Визит в Агеевку закончился тем, что я надавал старосте и Фоме Ивановичу массу поручений. В подробности углубляться не хочу, но одно касалось выращивания картофеля. Пришлось прочитать небольшую лекцию о вкусе и питательности этого овоща, заодно пояснить, что в пищу можно употреблять только клубни. До сих пор для меня остаётся загадкой, почему крестьяне первоначально травились 'вершками', ведь никто из них не стал бы в здравом уме поедать морковную или свекольную ботву. Видимо, не любит наш мужик, когда ему что-то навязывается сверху, найдёт сто тысяч причин отвертеться. Вот они, национальные особенности русского крестьянства. Но я предвидел такое развитие событий, поэтому попросил Фому Ивановича действовать с хитрецой, дескать, выращивать 'картоплю' можно только особо доверенным лицам, причём исключительно для барского стола. Прочим смертным строжайшее 'ни-ни'. Французы примерно так и поступали, когда внедряли у себя эту культуру. Тогда и начнётся, всем захочется распробовать какими заморскими 'хруктами' потчуют себя баре. Потихоньку-полегоньку, и близлежащие земли превратятся в картофельные плантации, чего я собственно и добиваюсь. Клубни для посадки уже можно раздобыть в Петербурге, совсем не обязательно ехать за ними в Голландию или Пруссию.

Фома Иванович слушал внимательно и мотал на ус. Он уже прикинул выгоду и приготовился сломить любые трудности. С его хваткой можно не сомневаться: скоро Агеевка начнёт поставлять 'земляные яблоки' по всей губернии. А там и до монополии недалеко. И появится в России картофельный король Куроедов.

В другие планы я его пока не посвящал, да и немного у меня пока этих планов. Иногда кажусь себе слепым, движущимся на ощупь в темноте, куда ни ткнусь, везде грабли. Душа ныть начинает: и то не так, и это не эдак.
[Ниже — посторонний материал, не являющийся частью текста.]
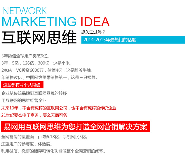 易网全网营销型网站建设将为您提供从PC电脑版网站、手机触屏版网站、APP手机客户端、微信平台开发等四网合一 的网站系统建设,实现同一个后台同步管理、各种终端自适应。
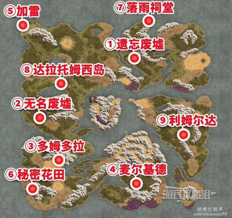 正確順序為:遺忘廢墟→無名廢墟→多姆朵拉→麥爾吉德→加雷→秘密花田→落雨祠堂→達拉托姆西之島→利姆爾達

По большому счёту сельское хозяйство надо развивать, чтобы зерном и себя, и соседей завалили. Богатый крестьянин – богатая и процветающая страна. Плохо, что агроном из меня такой же дерьмовый, как балерина.

Дни, проведённые в Агеевке, летели незаметно. Съездил в управу, отметился. Чтобы смыть с себя грязь дорог дважды сходил в баньку. Как культурный рабовладелец правом первой ночи не пользовался, деревенских девок не портил. Страшно представить, что обо мне думали агеевские мужики, глядя на столь неадекватное поведение нового барина. Надеюсь, хоть в извращенцы не записали.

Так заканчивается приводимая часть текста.